Right not to be subject to Automated Decision Making, including Profiling (Article 22 - GDPR)
The WRC does not carry out any fully automated decision making or profiling using personal data.
10. Responsibilities of the Workplace Relations Commission (WRC)
The WRC has responsibility for the following:
Ensuring Appropriate Technical and Organisational Measures
The WRC will implement appropriate technical and organisational measures to ensure protection of personal data.
Maintaining a Record of Data Processing Activities (ROPA)
The WRC will maintain an inventory of its data processing activities in the manner prescribed by Regulation. The will be reviewed and signed off by the Management Committee on an annual basis.
Implementing Appropriate Agreements with Third Parties
The WRC will ensure that where such transfer of personal data is required, appropriate agreements, including data sharing agreements, memoranda of understanding, bilateral agreements and contracts (collectively “agreements”) with all third parties shall specify the purpose of the transfer, the requirement for adequate security, right to terminate processing, restrict further transfer to other parties, ensure that responses will be given to requests for information and the right to audit.
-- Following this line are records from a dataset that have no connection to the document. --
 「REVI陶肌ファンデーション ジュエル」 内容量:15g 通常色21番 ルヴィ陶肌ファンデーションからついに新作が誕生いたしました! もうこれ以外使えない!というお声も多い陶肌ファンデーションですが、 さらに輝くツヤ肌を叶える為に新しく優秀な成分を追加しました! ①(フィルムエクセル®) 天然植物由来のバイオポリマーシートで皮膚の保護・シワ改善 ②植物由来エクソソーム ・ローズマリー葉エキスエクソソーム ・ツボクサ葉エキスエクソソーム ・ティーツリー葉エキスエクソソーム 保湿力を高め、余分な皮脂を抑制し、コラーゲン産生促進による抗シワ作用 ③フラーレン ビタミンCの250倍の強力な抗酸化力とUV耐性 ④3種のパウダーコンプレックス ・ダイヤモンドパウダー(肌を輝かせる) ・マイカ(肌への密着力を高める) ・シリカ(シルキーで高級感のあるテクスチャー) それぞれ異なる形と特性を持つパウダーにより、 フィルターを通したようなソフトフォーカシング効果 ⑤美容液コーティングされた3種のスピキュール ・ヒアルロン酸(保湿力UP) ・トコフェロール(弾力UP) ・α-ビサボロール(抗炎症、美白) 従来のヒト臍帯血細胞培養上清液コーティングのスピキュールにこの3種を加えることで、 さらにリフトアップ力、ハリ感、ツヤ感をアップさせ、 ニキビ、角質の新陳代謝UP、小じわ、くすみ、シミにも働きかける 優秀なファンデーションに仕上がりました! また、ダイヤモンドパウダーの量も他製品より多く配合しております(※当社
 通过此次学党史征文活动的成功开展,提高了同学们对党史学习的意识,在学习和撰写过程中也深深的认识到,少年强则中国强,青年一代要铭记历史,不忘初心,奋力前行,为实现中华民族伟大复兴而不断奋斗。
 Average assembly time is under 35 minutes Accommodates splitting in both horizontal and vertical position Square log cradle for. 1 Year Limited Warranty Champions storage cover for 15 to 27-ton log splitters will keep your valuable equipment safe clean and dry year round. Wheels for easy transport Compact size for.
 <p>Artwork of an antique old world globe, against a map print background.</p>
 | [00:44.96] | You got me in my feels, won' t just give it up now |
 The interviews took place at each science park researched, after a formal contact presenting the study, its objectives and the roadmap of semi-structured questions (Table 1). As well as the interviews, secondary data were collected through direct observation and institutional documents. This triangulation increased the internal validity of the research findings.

Transfers of Personal Data Outside of the European Economic Area
No such transfer is envisaged. In the event that such an occasion arises the WRC will not transfer the personal data of data subjects outside of the European Economic Area unless an adequate level of protection is ensured.
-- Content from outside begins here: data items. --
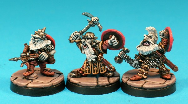These figures represent Duergar, evil dark-dwarves who haunt the endless tunnels of the Underdark. They were sold in packs of 3 miniatures which included a crossbowman, a Duergar armed with a military pick, and one wielding a warhammer. There are 5 variants of each pose, with the only differences being in head position and facial features.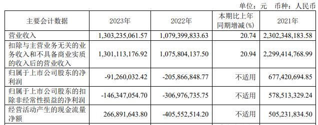 2022年、2023年,晶丰明源实现营业收入分别为10.79亿元、13.03亿元;归属于上市公司股东的净利润分别为-2.06亿元、-9126.00万元;归属于上市公司股东的扣除非经常性损益的净利润-3.07亿元、-1.46亿元。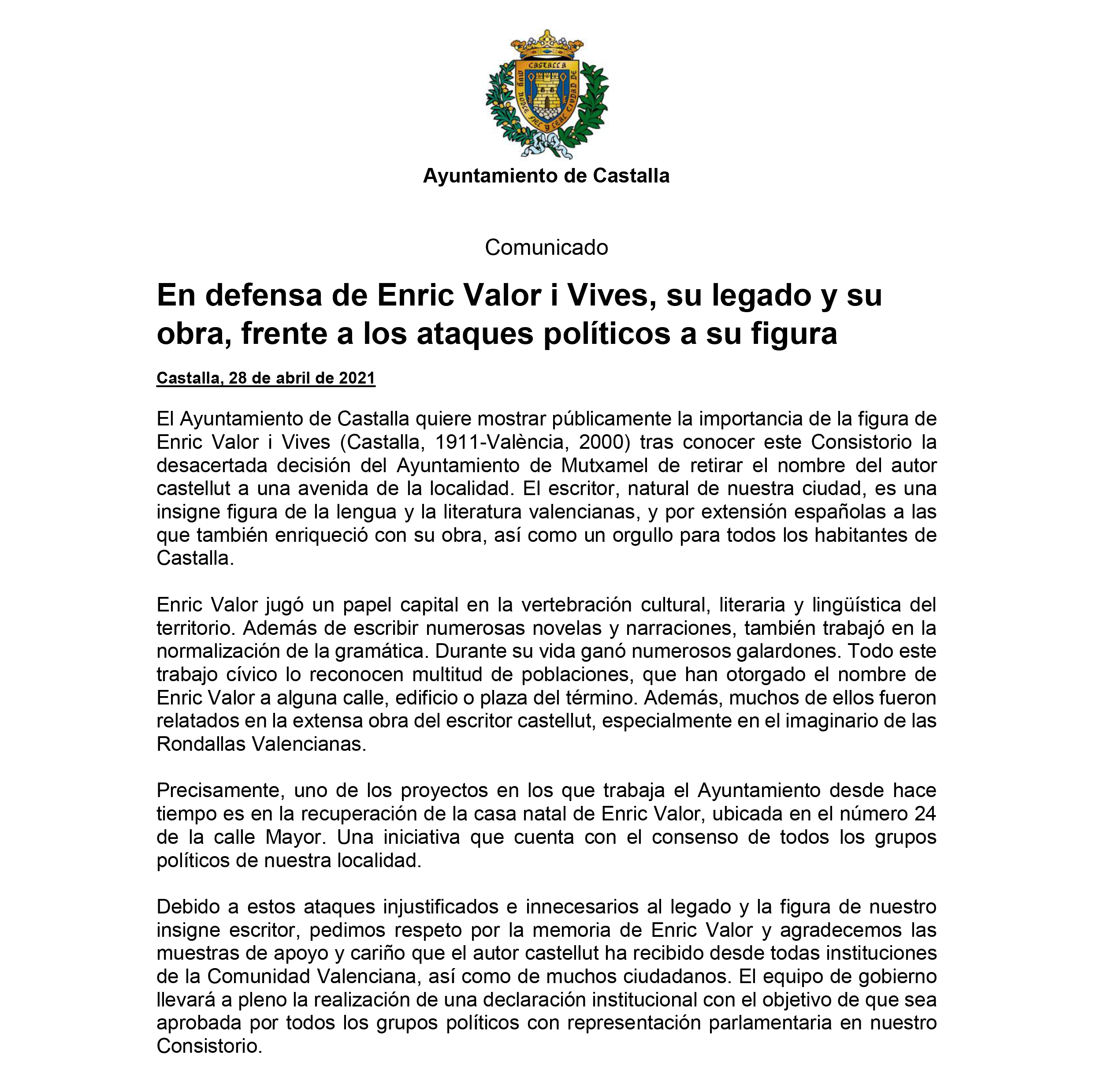 Debido a estos ataques injustificados e innecesarios al legado y la figura de nuestro insigne escritor, pedimos respeto por la memoria de Enric Valor y agradecemos las muestras de apoyo y cariño que el autor castellut ha recibido desde todas instituciones de la Comunidad Valenciana, así como de muchos ciudadanos. El equipo de gobierno llevará a pleno la realización de una declaración institucional con el objetivo de que sea aprobada por todos los grupos políticos con representación parlamentaria en nuestro Consistorio.

Data Protection Impact Assessments (DPIAs)
The WRC will carry out a data impact assessment prior to any decision to implement new or significantly amend procedures and documentation in the context of its activities. As part of this process, a copy of the impact assessment shall be reviewed and signed-off with the WRC Data Protection Officer.
Personal Data Breaches
A personal data breach is defined in data protection law as meaning a breach of security leading to the accidental or unlawful destruction, loss, alteration, unauthorised disclosure of, or access to personal data transmitted, stored or otherwise processed. (e.g. the most common breach incidents that can occur are due to administrative error such as correspondence issuing to an unauthorised third party). The WRC deems any loss of personal data in paper or digital format to be a personal data breach.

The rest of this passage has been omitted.